Mas estava salvo. Logo tudo não teria passado de 

um susto!

A mãe agradeceu tanto que só faltou me beijar, e 

todo mundo me elogiava por ter ajudado.

  Mas eu nem fiz nada, apenas afrouxei uma 

porcaria de uma porquinha.

Foi a sorte eles terem a chave e ter também a 
alicate.

Mas a grande sorte mesmo, a sorte maior foi não 

tentarem rodar na marra a corrente pra tirar. 

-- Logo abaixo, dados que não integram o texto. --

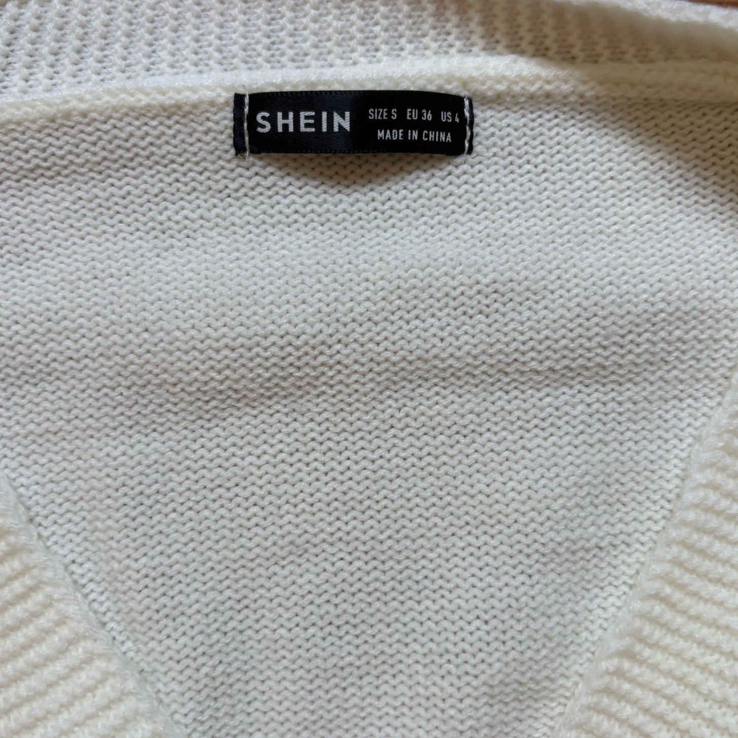 Shein ivory sad teddy bear patches bubble sleeve cropped cardigan sweater SIZE S
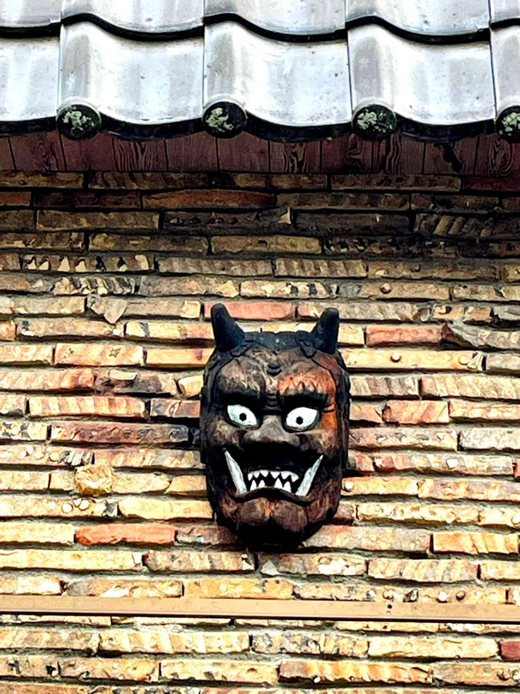 カフェの壁に鬼

Teriam amputado o dedinho da bebê.

Daí seria tarde para me chamarem e naquele quase 

início de década de 90 duvido que alguém poderia 

reimplantar dedo como se faz atualmente em 

alguns lugares.

Vendo que agora tudo estava calmo e o problema 

estava resolvido.

 Voltei lá para a minha tarefa inglória de espetar as 

mãos plantando o meu abacaxi, meu primo tinha 

ficado lá plantando e eu cheguei já tinha até quase 

acabado as mudas que tinha.

Ainda me bailava na ideia uma pergunta. O que 

faziam as mães daquelas crianças que não viram 

que a pequenininha estava fuçando logo ali naquela coroa da bicicleta?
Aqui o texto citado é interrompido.